= Equations defining abelian varieties =

In mathematics, the concept of abelian variety is the higher-dimensional generalization of the elliptic curve. The equations defining abelian varieties are a topic of study because every abelian variety is a projective variety. In dimension d ≥ 2, however, it is no longer as straightforward to discuss such equations.

There is a large classical literature on this question, which in a reformulation is, for complex algebraic geometry, a question of describing relations between theta functions. The modern geometric treatment now refers to some basic papers of David Mumford, from 1966 to 1967, which reformulated that theory in terms from abstract algebraic geometry valid over general fields.

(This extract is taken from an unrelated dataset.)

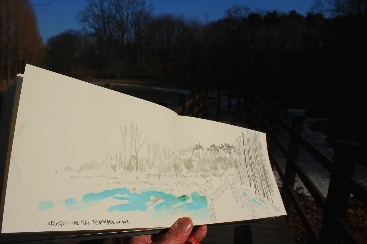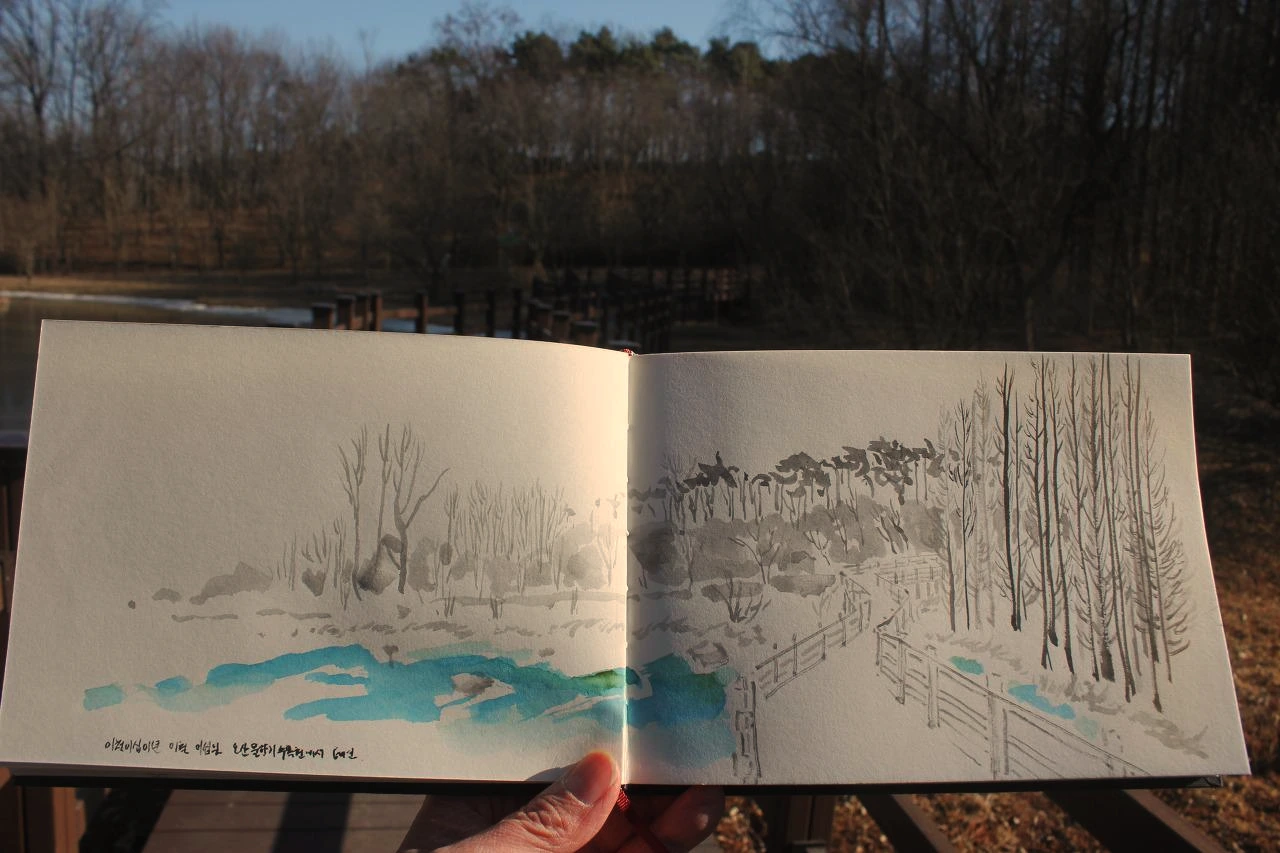 메타세쿼이아 나무가 있는 연못에서 풍광이 여유로워 스케치북을 꺼내 살짝 느낌을 담아본다.

==Complete intersections==

The only 'easy' cases are those for d = 1, for an elliptic curve with linear span the projective plane or projective 3-space. In the plane, every elliptic curve is given by a cubic curve. In P^{3}, an elliptic curve can be obtained as the intersection of two quadrics.

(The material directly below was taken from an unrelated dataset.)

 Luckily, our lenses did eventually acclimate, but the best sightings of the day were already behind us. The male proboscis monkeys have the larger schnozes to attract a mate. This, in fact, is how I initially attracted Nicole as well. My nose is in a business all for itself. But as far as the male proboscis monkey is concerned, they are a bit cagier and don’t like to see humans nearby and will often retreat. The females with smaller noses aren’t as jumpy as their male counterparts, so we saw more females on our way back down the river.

In general abelian varieties are not complete intersections. Computer algebra techniques are now able to have some impact on the direct handling of equations for small values of d > 1.

==Kummer surfaces==

The interest in nineteenth century geometry in the Kummer surface came in part from the way a quartic surface represented a quotient of an abelian variety with d = 2, by the group of order 2 of automorphisms generated by x → −x on the abelian variety.

==General case==

Mumford defined a theta group associated to an invertible sheaf L on an abelian variety A. This is a group of self-automorphisms of L, and is a finite analogue of the Heisenberg group. The primary results are on the action of the theta group on the global sections of L. When L is very ample, the linear representation can be described, by means of the structure of the theta group. In fact the theta group is abstractly a simple type of nilpotent group, a central extension of a group of torsion points on A, and the extension is known (it is in effect given by the Weil pairing). There is a uniqueness result for irreducible linear representations of the theta group with given central character, or in other words an analogue of the Stone–von Neumann theorem. (It is assumed for this that the characteristic of the field of coefficients doesn't divide the order of the theta group.)

Mumford showed how this abstract algebraic formulation could account for the classical theory of theta functions with theta characteristics, as being the case where the theta group was an extension of the two-torsion of A.

An innovation in this area is to use the Mukai–Fourier transform.

==The coordinate ring==
The goal of the theory is to prove results on the homogeneous coordinate ring of the embedded abelian variety A, that is, set in a projective space according to a very ample L and its global sections. The graded commutative ring that is formed by the direct sum of the global sections of the

$L^n,$

meaning the n-fold tensor product of itself, is represented as the quotient ring of a polynomial algebra by a homogeneous ideal I. The graded parts of I have been the subject of intense study.

Quadratic relations were provided by Bernhard Riemann. Koizumi's theorem states the third power of an ample line bundle is normally generated. The Mumford–Kempf theorem states that the fourth power of an ample line bundle is quadratically presented. For a base field of characteristic zero, Giuseppe Pareschi proved a result including these (as the cases p = 0, 1) which had been conjectured by Lazarsfeld: let L be an ample line bundle on an abelian variety A. If n ≥ p + 3, then the n-th tensor power of L satisfies condition N_{p}. Further results have been proved by Pareschi and Popa, including previous work in the field.